Incandescent bulbs also use about 3 - 4 times the power, and burnout quite
often. There is no perfect solution.

------
jrapdx3
Interesting reference, I'll read that article for sure, JAMA Psychiatry is a
top-tier journal. However not a new idea, there have been prior studies
showing benefit of light treatment for non-seasonal depression, particularly
in "elderly" individuals (e.g., people over 60).

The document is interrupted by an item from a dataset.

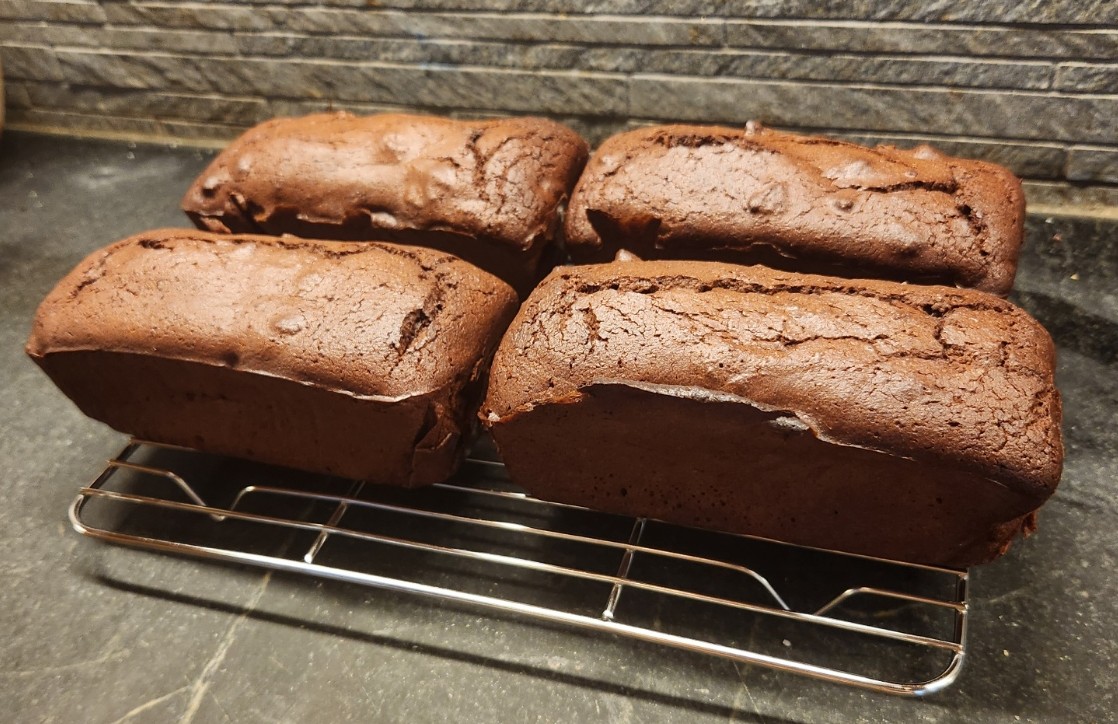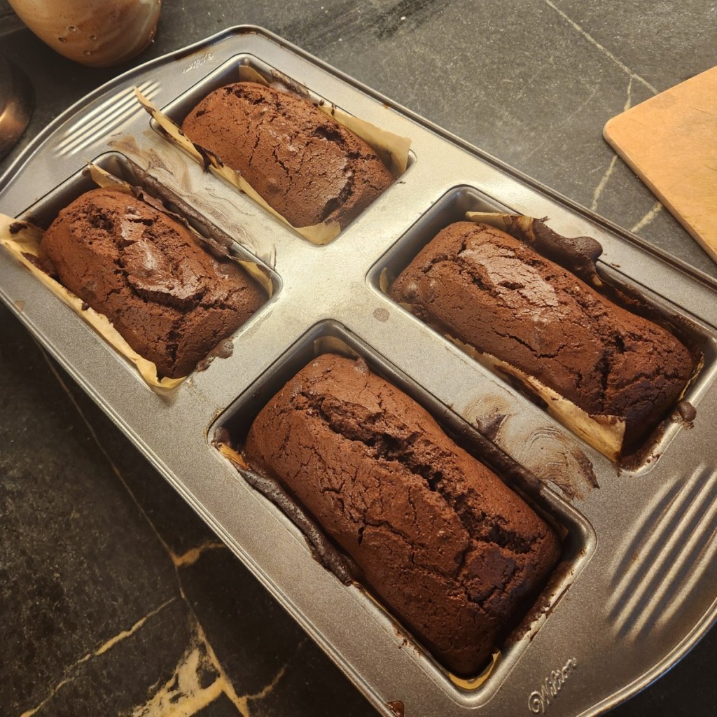 Fourth, I omitted the chocolate ganache glaze entirely. I knew I would be freezing the three extra cakes, and I know from experience that ganache can get chalky when that happens. Given that the four little loafs were moist and tender, and we would be eating one right away, I didn’t see the need. I can always whip up a little bit of glaze when we defrost a survivor if I think the extra moisture is needed.

How it works in practice, well, the usual caveat about varying mileage
definitely applies in this domain. I've recommended adjunctive light treatment
over many years. Though it can help reduce symptoms, in most cases other
therapies are still necessary to achieve remission of depression.

Several comments were made about the lamps used for light treatment. The
optimum emission spectrum for light therapy is really an unsettled question.
Early on (in 1980's) the quantity of light was emphasized, 10000 lux is
considered standard since that is equivalent to minimal "normal" daylight,
e.g., heavily overcast midday sky in late fall. Some work suggests as little
as 4-5K lux may be sufficient for response.

Some studies have shown blue light (say ~460nm) to be most effective, others
found peak response to green (~500-550). And some researchers in the field
have the opinion the spectral quality is less important the light intensity.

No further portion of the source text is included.